L’aborto è un problema molto difficile, è il classico problema nel quale ci si trova di fronte a un conflitto di diritti e di doveri.

Mai come nella nostra epoca sono state messe in discussione le tre fonti principali di diseguaglianza: la classe, la razza e il sesso. La graduale parificazione delle donne agli uomini, prima nella piccola società familiare, poi nella più grande società civile e politica, è uno dei segni più certi dell’inarrestabile cammino del genere umano verso l’eguaglianza.

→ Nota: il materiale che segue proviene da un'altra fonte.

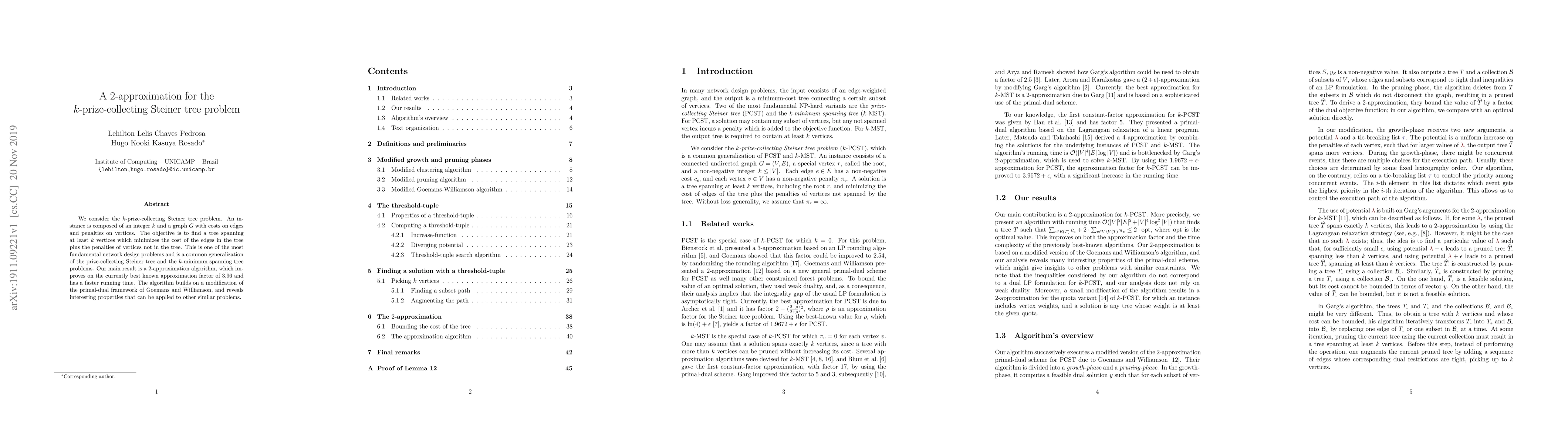 The paper presents a 2-approximation algorithm for the $k$-prize-collecting Steiner tree problem, improving upon the previous best approximation factor of 3.96 and featuring a faster runtime. The algorithm leverages a modified primal-dual approach and shows potential applications to other related network design problems.

La maggior parte degli uomini di oggi non sono tanto atei o non credenti quanto increduli. Ma colui che è incredulo non è fuori dalla sfera della religione. Lo stato d’animo di chi non appartiene più alla sfera del religioso non è l’incredulità ma l’indifferenza in non saper che farsene di queste domande. Ma l’indifferenza è veramente la morte dell’uomo.

Se l’umanità non progredisce nella stessa misura in tutte le parti del mondo la responsabilità non è della scienza, ma dell’ignoranza dei benefici che se ne possono trarre e delle cattive scelte politiche.

La scienza come tale non è né capitalistica né comunistica né feudale né borghese. Ciò che può essere capitalistico o comunistico è l’uso della scienza. La scienza è neutrale; lo scienziato può anche non esserlo.

La guerra è l’antitesi del diritto: non fa vincere chi ha ragione, ma dà ragione a chi vince.

Tra la ricerca dell’uomo di fede e quella dell’uomo di ragione c’è questa differenza: il primo cerca ciò che ha già trovato, il secondo non trova, talora, neppure quello che ha più intensamente cercato.

La nostra ragione non è un lume: è un lumicino. Ma non abbiamo altro per procedere nelle tenebre da cui siamo venuti alle tenebre verso le quali andiamo.

Al contrario del lumicino della ragione, la fede illumina, ma spesso, per troppo illuminare, accieca.

Per convincersi della sostanziale unità del genere umano non c’è bisogno di escogitare argomenti filosofici. Basta guardare il volto di un bambino in ogni parte del mondo.

Dubito che si possa parlare di un progresso morale dell’umanità. Ma dubito anche che si possa parlare plausibilmente di un regresso.

Per la maggior parte della mia vita ho avuto due compiti difficilissimi da svolgere: insegnare e scrivere. E confesso di essere sempre stato perseguitato dal dubbio di non essere all’altezza di questi due ardui impegni.

La vita non può essere pensata senza la morte. Gli uomini sono non a caso chiamati i «mortali»: anche i più cinici, i più spregiudicati e spensierati, i più sprezzanti e indifferenti, prendono sul serio almeno in qualche momento della loro vita la morte, se non quella degli altri, la propria.

Non pretendo di solito di avere l’ultima parola. Non mi piace e non mi dà alcuna soddisfazione.